A friend of mine mentioned an idea to me a while back, which seems to make more sense as I think about it. I brought it up on Slashdot with a Muslim, and by his reply I'm guessing he sort of smoked and vibrated and turned red and then exploded. Terrible, angry bits everywhere, no survivors. So I got no coherent opinion there. And yet, what he said, which prompted me to bring up this idea, convinced me that he was representative of the very tendency that I suspect runs through Islam.

This tendency is summed up and expressed in the word Inshallah: If God wills it. In Islam it seems that the will of God is mutable and unbound; even science is irrelevant, because God can break the laws of nature at will (this is precisely what the exploding Muslim said.) In contrast, there is a tradition that is common to Judaism, Christianity, Greek philosophy, and science which respects established laws, which God may establish but which even He is bound to. This runs through the Jewish idea of the Covenant, in Plato's Idealism and his argument that the gods do good because it is Good, rather than defining the Good by their words and actions, and in the basic premise of natural science. Both the Jewish and Greek versions of this idea heavily influenced Christianity.

It is this foundation of established laws and principles which allowed the societies dominated by this tradition to gain ground, ratcheting themselves forward by establishing sound principles, testing them for solidity, and then using them to advance to the next. They were able to move forward because because they had solid ground under their feet; ground which they found or discovered as they advanced. Legal jurisprudence, philosophical principles, and scientific theories are all established and built upon, step by tentative step, sometimes faltering or even falling back, and occasionally leaping forward.

This movement is also intrinsic to the tradition. If the world is governed uniformly in all aspects by certain principles, then we can always learn more by querying the world and each other. The world itself is imbued with wisdom, waiting to be discovered. The rules are fixed, but our understanding of them can change and grow, and the rule book is all around us. Nor is there any contradiction between this and religion. If God is both legislator of and governed by these laws, understanding them allows us to understand the mind of God. The scriptures themselves may be corrected in this way.

If, however, God is free to change his mind by whim, and can change the world as he chooses, then God is the only source of knowledge, and anything learned any other way is inherently unstable and therefore of little value. This was the point that the Muslim poster kept returning to; he'd built an impenetrable wall around himself, with this repeated on every brick. Since the agreed upon communication from God occurred only in a few ancient texts, progress becomes nearly impossible--Islam is caught in an endless cycle of return. Everything hinges on the interpretation of those texts. If the texts aren't extraordinarily precise--and most scriptures of any religion are as vague as a Rorshach ink blot--everything hinges on the interpretation, and the authority of the interpreter. The society is fixed in a medieval pattern of successive cults of personality. Just as the personality of the king informs the character of the feudal society which he governs, the position of the dominant clerics sets the tone for the people who follow them.

What appears to be absolute is in fact completely relative, because it is based entirely upon personal opinions which are supported in a self-referential matter.
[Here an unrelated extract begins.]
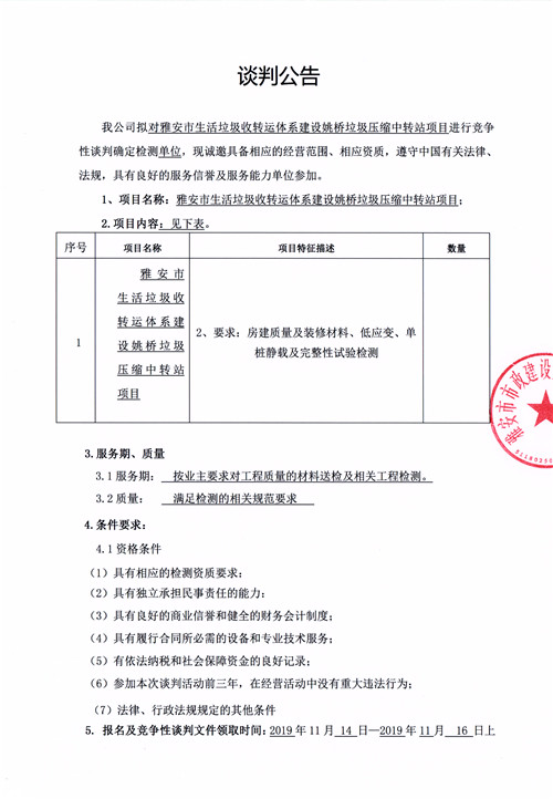 雅安市生活垃圾轉(zhuǎn)運(yùn)體系建設(shè)姚橋垃圾壓縮中轉(zhuǎn)站項(xiàng)目競(jìng)爭(zhēng)性談判公告

There is no objective methodology, no means of checking their facts, no legal library to consult for precedence. Even logic and evidence are overruled, so previous philosophical refutations carry no weight. Truth is established by force, not because all clerics build their reputations by authoritarian measures, but because those who don't have the option of force will be overwhelmed by those who do, and the winners will rewrite the history and sign God's name to it.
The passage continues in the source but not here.